**Information supplied**
++++++++++++++++++++

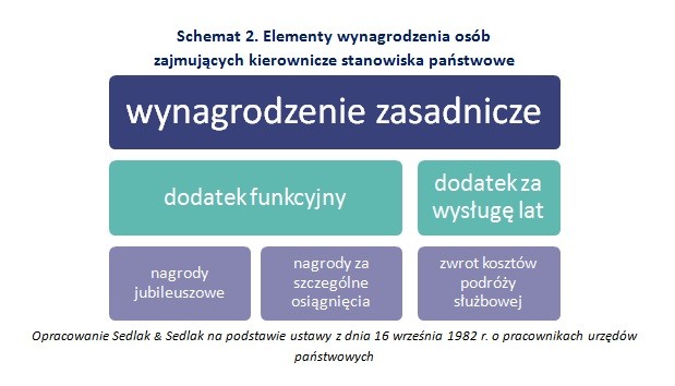 Wartość wynagrodzeń osób na kierowniczych stanowiskach państwowych oblicza się mnożnikowo, na podstawie kwoty bazowej. Przypomnijmy, że wynosi ona tyle samo od 2008 roku – 1766,46 PLN (1). Szczegółowo rozpisane stanowiska mogą Państwo znaleźć w źródle (5), natomiast w artykule skupimy się na wybranych pozycjach. Wynagrodzenie osób wyszczególnionych Rozporządzeniu Prezydenta Rzeczypospolitej Polskiej z dnia 25 stycznia 2002 r. w sprawie szczegółowych zasad wynagradzania osób zajmujących kierownicze stanowiska państwowe, składa się z kilku pozycji. Zostały one w większości przedstawione na schemacie 2.
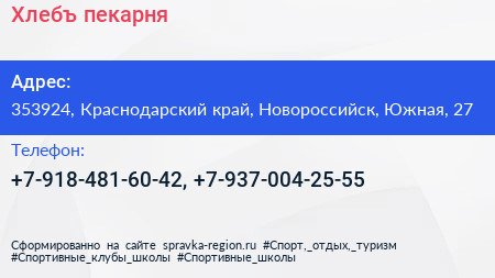 Хлебъ, пекарня по адресу 353924, Краснодарский край, Новороссийск, Южная, 27 в дальнейшем Организация, размещена в следующих категориях:
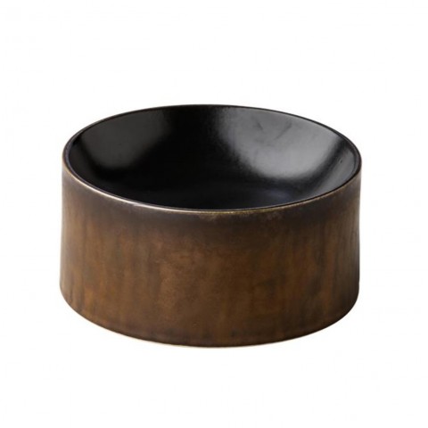 Tower Plate, 6.3" dia. X 3.1"H, round, vitrified china, black satin/gold, Studio Raw

++++++++++++++++++++

**Task to complete**
Reproduce the data above word for word from its first line through the line that holds "Хлебъ, пекарня по", both ends included; skip pictures.

**Exercise response**
 Wartość wynagrodzeń osób na kierowniczych stanowiskach państwowych oblicza się mnożnikowo, na podstawie kwoty bazowej. Przypomnijmy, że wynosi ona tyle samo od 2008 roku – 1766,46 PLN (1). Szczegółowo rozpisane stanowiska mogą Państwo znaleźć w źródle (5), natomiast w artykule skupimy się na wybranych pozycjach. Wynagrodzenie osób wyszczególnionych Rozporządzeniu Prezydenta Rzeczypospolitej Polskiej z dnia 25 stycznia 2002 r. w sprawie szczegółowych zasad wynagradzania osób zajmujących kierownicze stanowiska państwowe, składa się z kilku pozycji. Zostały one w większości przedstawione na schemacie 2.
 Хлебъ, пекарня по адресу 353924, Краснодарский край, Новороссийск, Южная, 27 в дальнейшем Организация, размещена в следующих категориях:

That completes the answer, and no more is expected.